I facing the same issue pass few weeks and help my clients fixd them all. All keywords ranking are going back now.
After long investigation, I found the main issue are caused by two of elementor addons. Some of them already report critical vulnerability by Sucuri back in May.
I have isolated one of the sites and now no hacker in the world can hack it. Not even NSA, FBI, CIA, ISI, NASA!!
Have you tried to power it off and on again?
WordPress is popular CMS and will stay popular. It is mostly free, simple and provide many features even in base setup.
As any other software WP need to be updated to actual version in time manner, as well as his plugin and templates.
If you do not download plugin or templates from suspicious sites and update WP in time manner, use strict password, then you will not have any problem with WP.
Most likely your site was hacked by uploading malicious content. Therefore you may need check your nginx or apache access logs for POST requests. Also you may need check ftp and ssh logs. In most case such hack happen because hacker upload to site shell script and then use it to complete his hack attempt. This is most popular technique in automated hacking bots.
Wordpress is garbage, and a huge security risk once you decide to start customizing it with skins and plugins. I've run websites for almost a decade and the only ones that would ever get hacked were the wordpress ones.
I think the key here is being careful with Wordpress plugins and it's something most people have said for ages. However just giving someone advice to stay away from Wordpress when the core is usually fairly safe (I hope) is kind of like saying don't buy chicken if the condiments are spoilt.

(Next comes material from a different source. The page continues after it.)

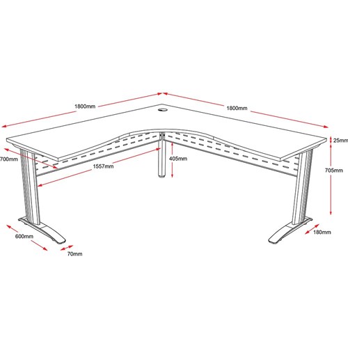 Comes with metal perforated modesty panel and cable tidy.

people get hacked through third-party themes listed on their site as well. there's almost no point to wordpress if just using the default theme and no plugins.
for a comparison, people do not get hacked through mediawiki themes and plugins for the most part. Why? I don't care, but I know the results and the results show using wordpress is exposing yourself to an enormous landscape of threats for little benefit. Maybe the best benefit of wordpress is it's collaboration feature, but you get get that with better security with dokuwiki, mediawiki or tons of other similar programs with almost no security risk.